ENDOCRINE DISRUPTORS

Just say no to wildlife on drugs — biology-altering chemicals, that is. Thanks to pesticides, pharmaceuticals, plasticizers, cleaning agents, cosmetics, antibiotics, contraceptives, veterinary and illicit drugs, sunscreen and caffeine introduced into waterways and aquatic habitats, endangered species are ever more exposed to chemicals that disrupt the function of their endocrine systems and can hamper their survival.

Endocrine disruptors interfere with natural hormone functions, affecting the reproduction, development, and growth of fish and wildlife, as well as humans. As drinking water sources and aquatic wildlife habitats are being increasingly and unnecessarily contaminated by endocrine disruptors, the effects on species can be profound, from chemical castration of male frogs to intersex fish that can't reproduce.

Endocrine disruptors enter waterways via wastewater effluent and urban and agricultural runoff. Pharmaceuticals and excreted drugs, which are not removed by municipal sewage treatment plants, enter our waterways as a toxic soup of treated wastewater effluent laden with endocrine disruptors. Spray-drift and runoff of pesticides from agriculture, livestock waste runoff from confined animal feeding operations, aquaculture, and leaching from municipal landfills and septic systems can also introduce endocrine disruptors into the environment.

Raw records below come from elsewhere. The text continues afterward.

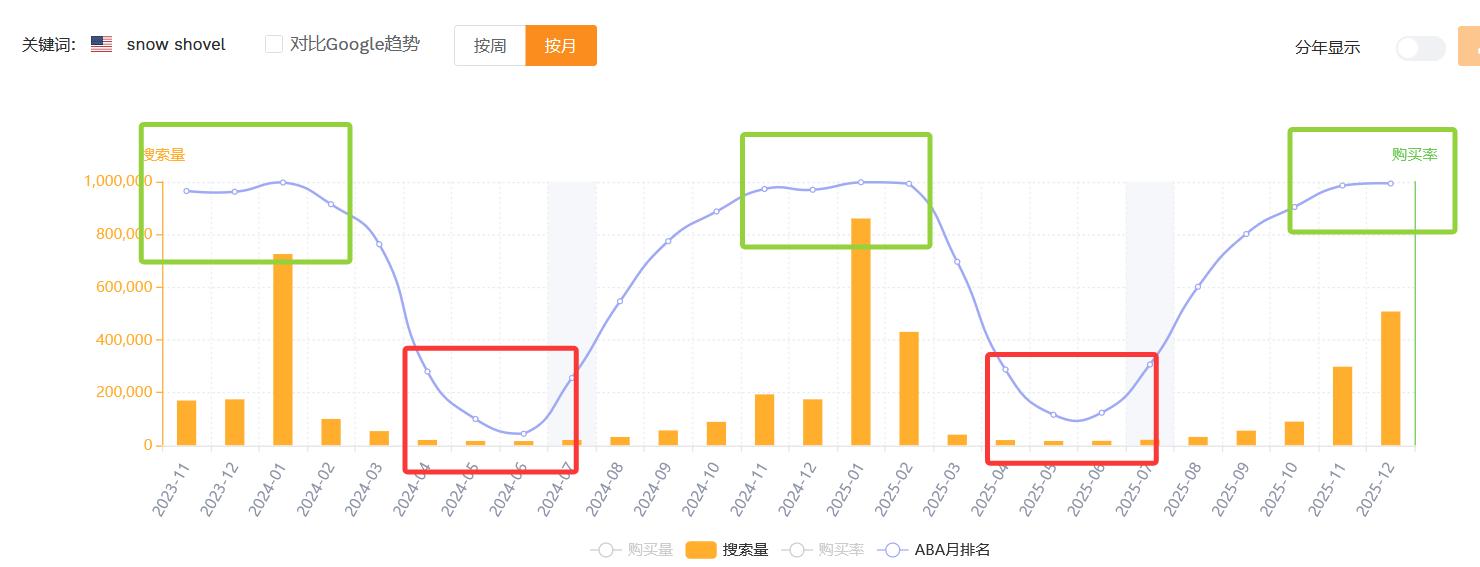 因为季节性产品,其生命周期是比较短的,并且备货压力是很大的,像庭院雪铲这类产品就是如此。
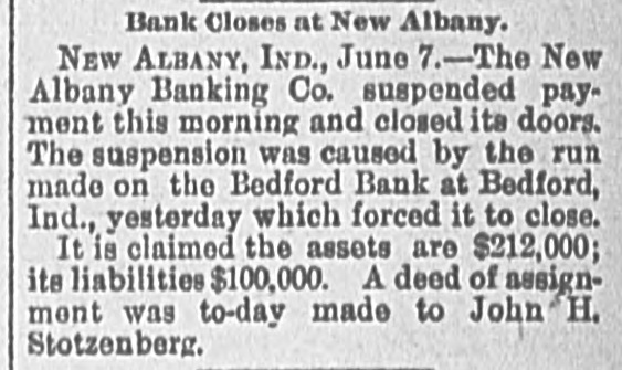 The New Albany Banking Company suspended payment on 1893-06-07 caused by a run on the Bedford Bank (same principal stockholders). A deed of assignment to John H. Stotzenberg was executed the same day, indicating permanent closure/receivership rather than a temporary suspension. Bank type inferred as 'state' from the name 'Banking Company' but not explicitly stated in the articles.
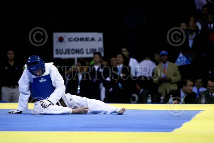MÉXICO, D.F., 14NOVIEMBRE2009.- Steren Lopez de USA cae ante knocaut durante la final del encuentro de la liga mundial de Taekwondo celebrada en el Palacio de los Deportes. FOTO: SÁSHENKA GUTIÉRREZ/CUARTOSCURO.COM
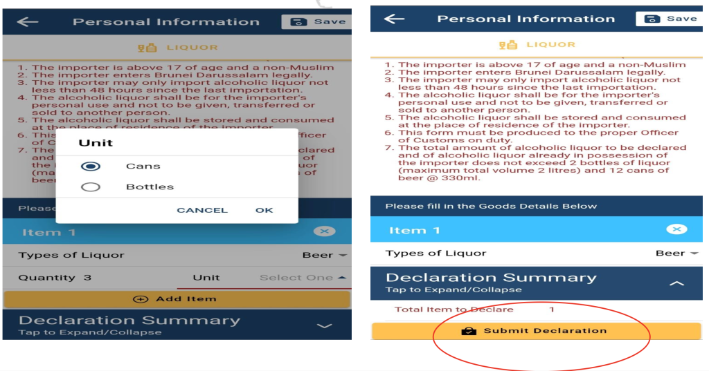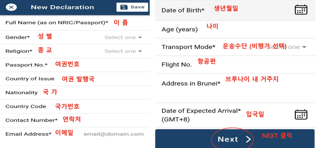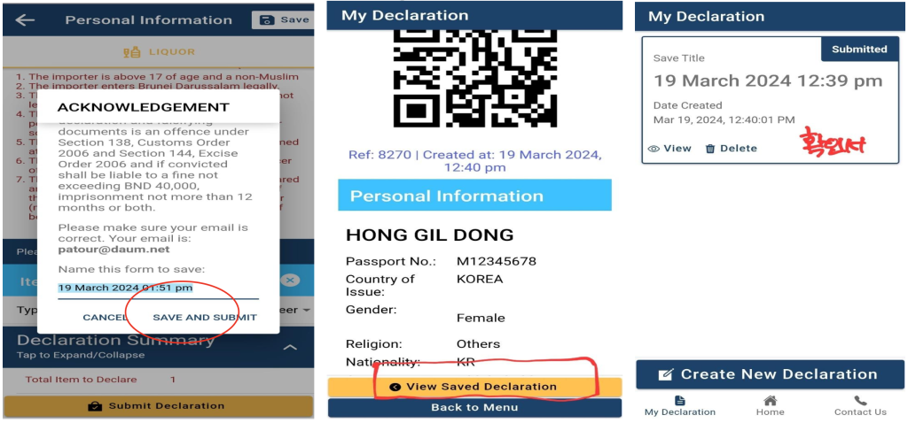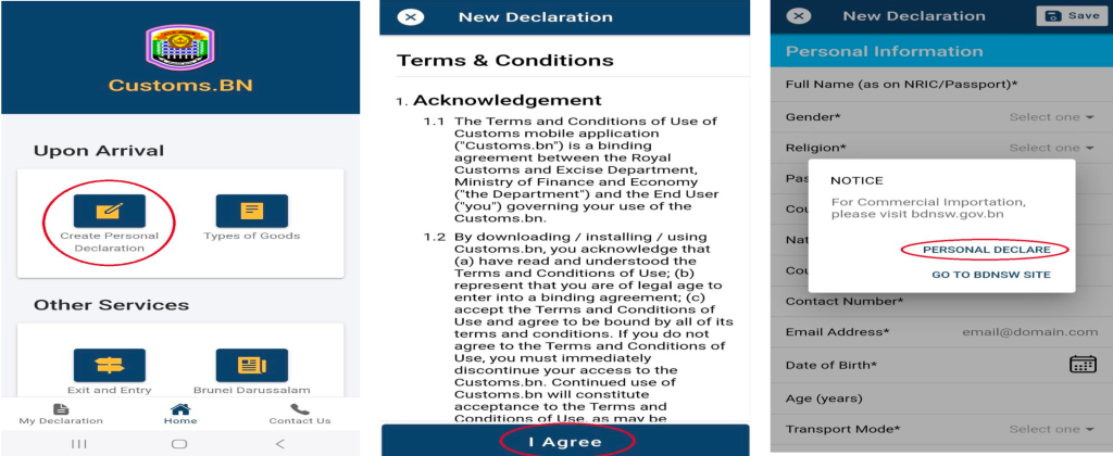 ๊ตญ ์ ์ธ๊ด์ ๊ณ ์(Customs Declaration Form) ๋๋ Customs.BN ์ ์์ ๊ณ ์ฑ ์ ์ฃผ๋ฅ ๋ด์ญ ๋ฐ๋์ ๊ธฐ์ฌํ๊ณ ,
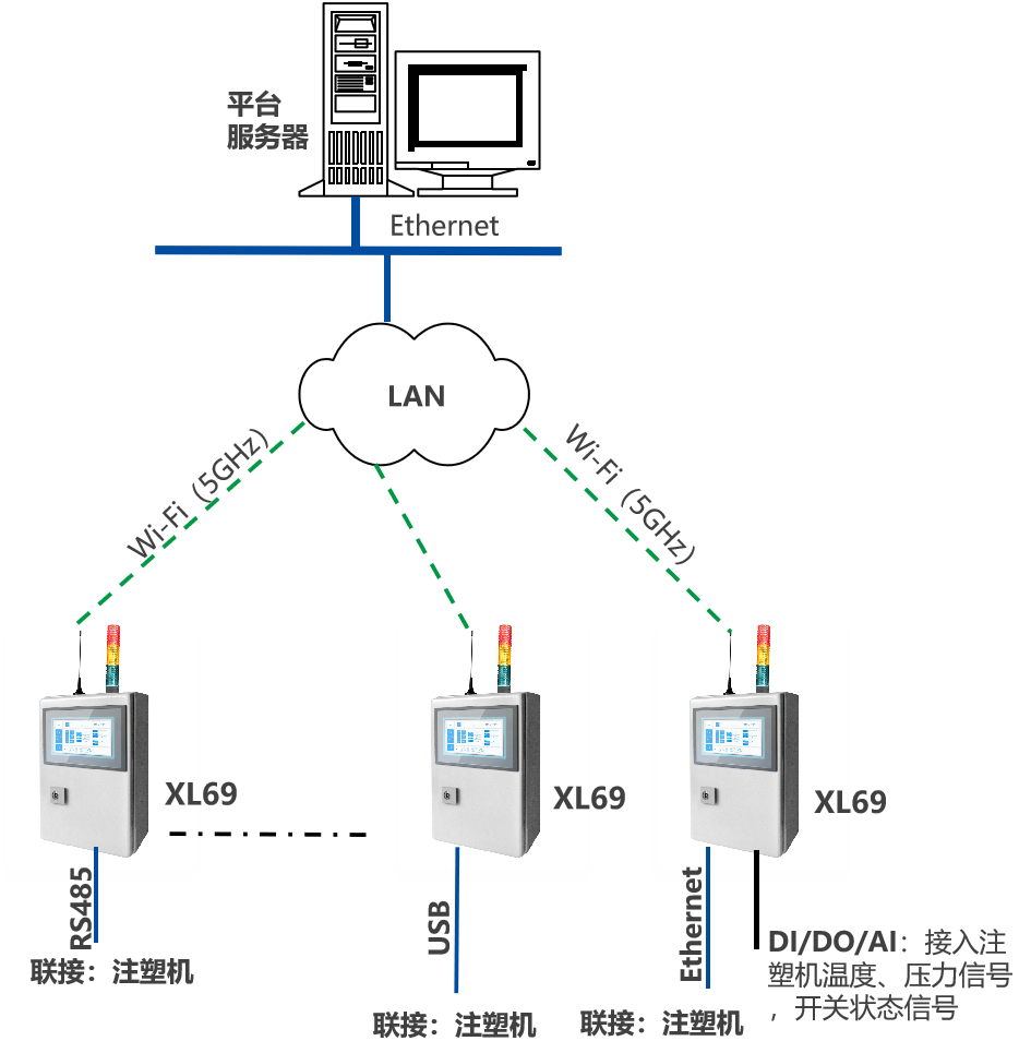 XL69智能采集終端,是系統(tǒng)的核心裝置,對(duì)采集的信號(hào)、數(shù)據(jù),進(jìn)行處理、統(tǒng)計(jì)、計(jì)算,并生成單機(jī)設(shè)備的數(shù)據(jù)庫(kù),通過(guò)企業(yè)內(nèi)部LAN,推送數(shù)據(jù)至企業(yè)生產(chǎn)監(jiān)控平臺(tái)
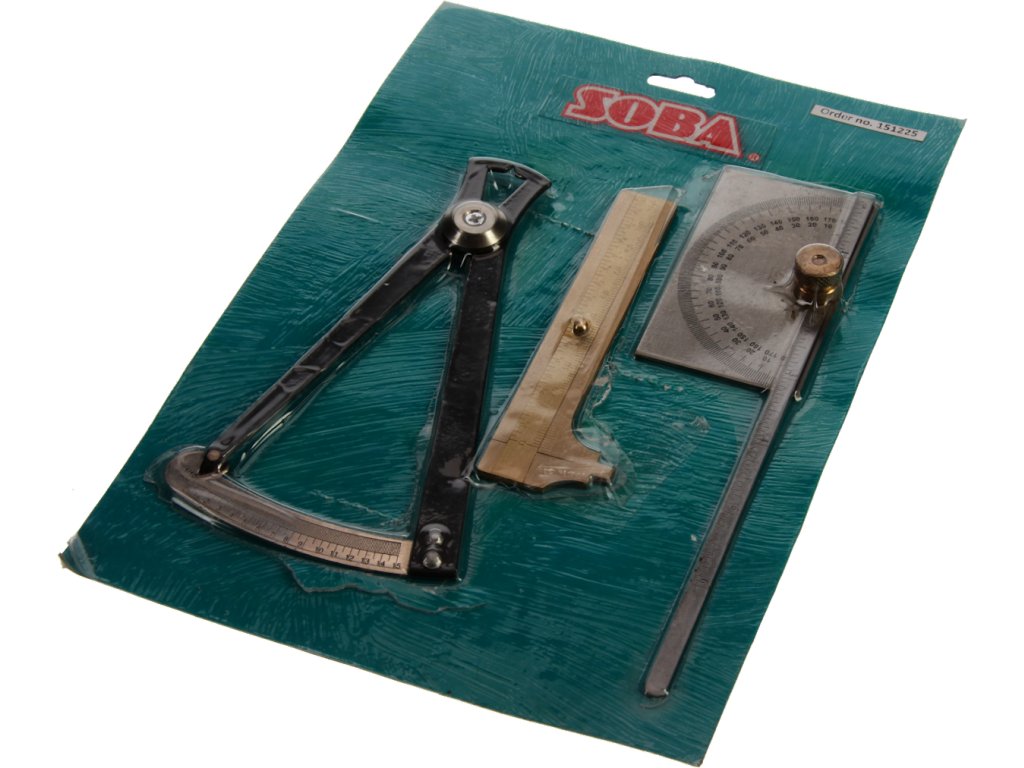 Conține dispozitive de măsurat de bază pentru utilizare în gospodărie și în atelier. Se compune din șubler, gheară exterioară și riglă unghiulară reglabilă. Ambalare în blister.
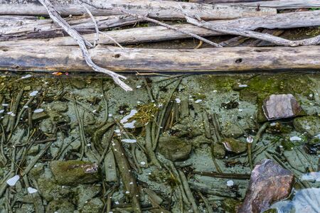 Driftwood is on top of water and below at Gene Coulon Park in Renton, Washington.

The Center is taking action to get these poisons out of our waterways and ecosystems. In 2010, Center litigation led the EPA to finally announce a nationwide ban on one of the most toxic endocrine disruptors: endosulfan. In 2015, the EPA announced a plan to analyze the impacts of atrazine and glyphosate — the two most commonly used pesticides in the United States — on 1,500 endangered plants and animals in the United States under the terms of a settlement reached with the Center. This led to a 2016 preliminary risk assessment that showed that amount of the herbicide atrazine that's released into the environment in the United States is likely harming most species of plants and animals. Also in 2016, under the terms of a historic settlement reached with the Center, U.S. Fish and Wildlife Service announced a plan to analyze the impacts of atrazine and glyphosate on 1,500 endangered U.S. plants and animals.

We continue to force the EPA to address the impacts of pesticides, many of which act as endocrine disruptors, on endangered species through our Pesticides Reduction campaign.